With tax season right around the corner, there’s no better time to get all your financial books from the last year in order, take a good look at the balance sheet, and decide on the directions you’re going to take your finances in the coming year.  For some of you, that will mean finally getting a handle on your debt.  For others, it will mean finally paying off your debt.  And for more of you, it will mean finding the best ways to make your money work for you as you build your net worth and make strides towards financial independence.

For those in that last group of people, this post isn’t likely to help much, but you might want to take a peek at my Lending Club page for a great way to keep your money working for you.  The rest of you, stick around.

Reformulate your debt

January Financial ResetIf you’ve still got debt hanging around, a new year financial reset is a great time to investigate reformulating it.

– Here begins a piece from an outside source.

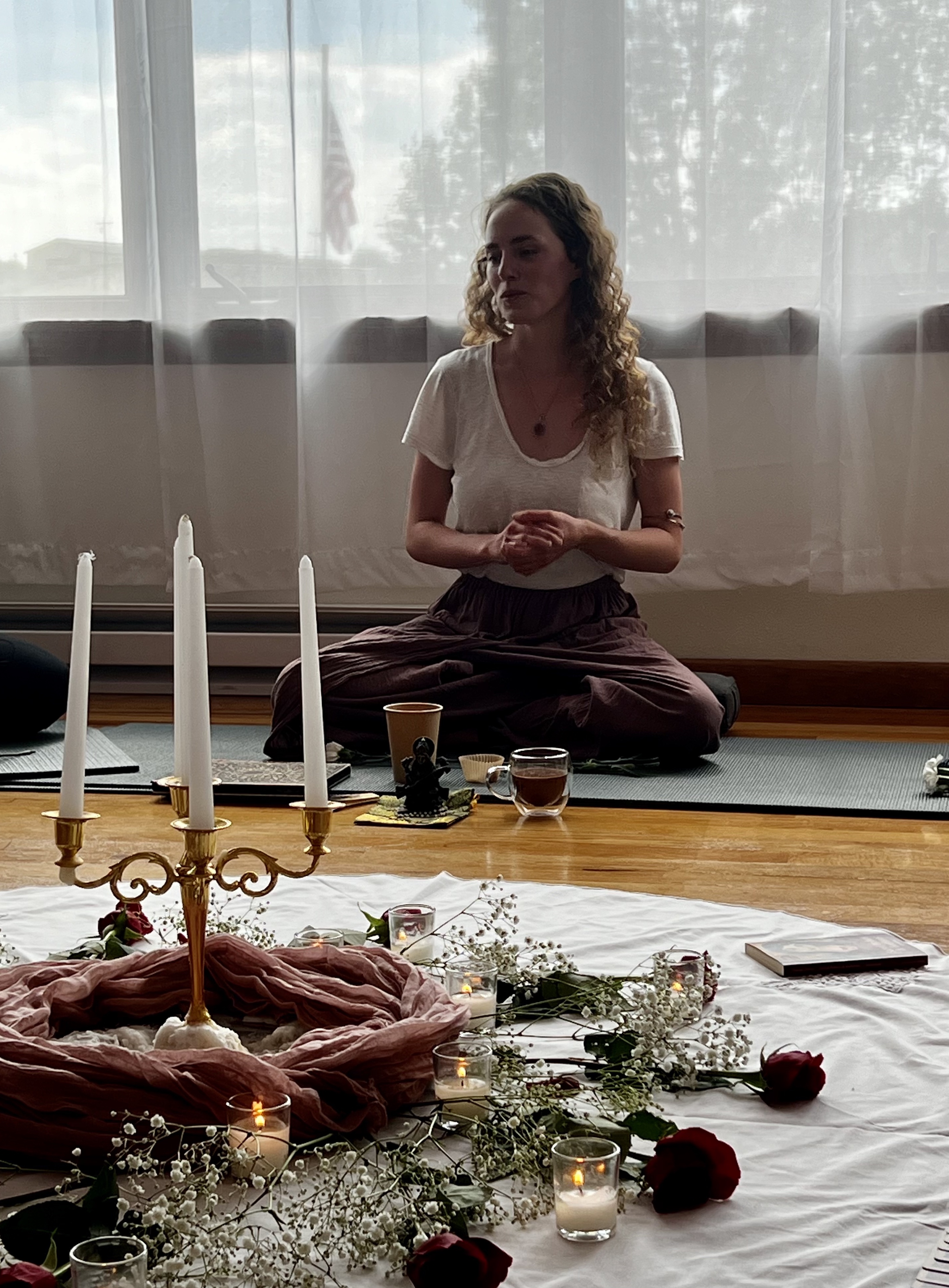 Une invitation à incarner le thème du mois dans ton corps (yoga, mouvement, ceremonies, rituels...)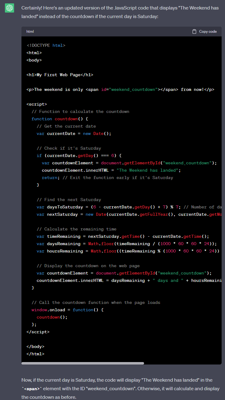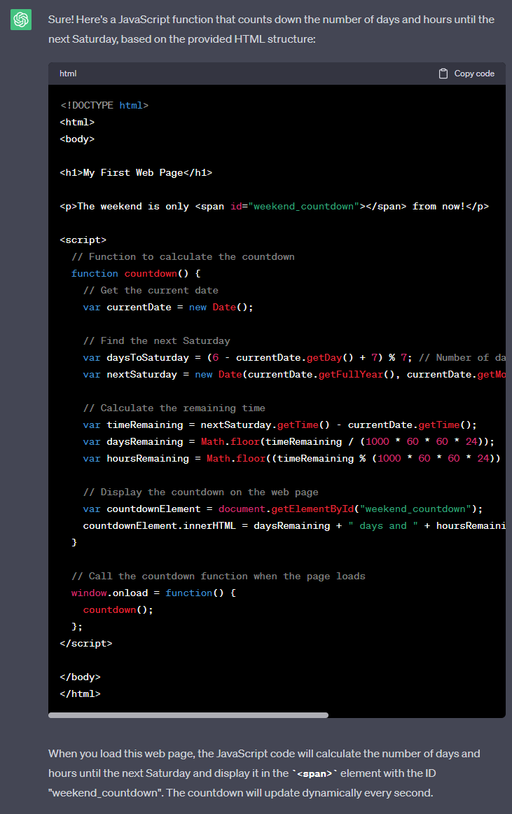 For example, write, "Create a function that counts down the number of days and hours until the next Saturday." instead of "Make code to find the closest Saturday"

What the heck does that mean?  It means taking a good look at the debt that you’re carrying, and considering the options you may have to pay it off earlier.

  • Reduce the rates: The worst feature of credit card debt is the interest rate that they like to charge.  12%, 15%, 22%, or more.  The interest payments eat into any payment you make on the debt quickly, and make it that much harder to make any meaningful progress.  If’ you’ve got good credit, consider finding some good 0% balance transfer cards to transfer your existing balances to.  You should be able to find something with a 12 to 15 month 0% rate.  Be aware of the balance transfer fee when you do this, but otherwise it can be a good way to help you make some good progress on your credit card debt repayment.
  • Refinance: In some cases (mostly secured debt) you may want to look into a refinance of the loan.  If you can reduce the rate on a loan and extend the length of it, it can free up some of your debt repayment money to go towards loans with higher rates and speed up your debt snowball.

Recalculate your debt snowball

Now is also a really good time to update all the numbers on your debt snowball plan.  (or debt avalanche if you’re so inclined) Unless you’ve been keeping it updated throughout the year, the numbers are probably pretty out of date, and need to be freshened.  Take the time, while you’re doing this, to determine if you need to move one debt ahead of another, or if you can afford to increase the snowball payment to speed it up.

Seed your budget

Your budget can be the lifeline for your financial life.  It’s a blueprint for how you’re building your financial house.  Even a simple budget can help tremendously, and the beginning of the year is a great time to give your budget a full inspection (or just to start one) and make sure that it’s got all the categories you need, that it’s still balancing, and for planning out where you’re going to focus your efforts in the new year.

Examine your bills

We all get bills throughout the month.  In many cases, we throw them in a pile, then enter them into bill pay, (or, gasp, write checks) and then forget about them until they show up the next month.  While you’re going through your finances from the previous year, pay attention to the bills that you’re paying.  Are there bills that have increased?  How about ones that you meant to cancel the service but didn’t?  Or maybe there are some that you just haven’t called to try and get a better rate for?  Know what time it is?  You guessed it.  It’s time to cancel that service. It’s time to call and see why the rate increased, and if there’s a change you can make to get a better rate.  It’s time to compare your services with their competitors and see if there isn’t a better rate/service available out there.  You may think it’s a waste, but you could end up saving hundreds a month.  And that can quickly make your debt snowball grow!

Keep on your financial path

Here’s the most important thing you have to take away from this post.  You’ve got to keep on that path.  Once you’ve done the things above, you’ve taken some really solid steps on your path to being debt free, but they’ll only work if you keep working with them.  Keep that budget going, keep a close eye on your bills, keep your snowball updated, and know how much debt (and at what rate) you have left.  Whether your debt feels like a mountain, or just a molehill, knowing the what/when/where of it make the climb that much easier.

Will you take the time to do a January Financial Reset?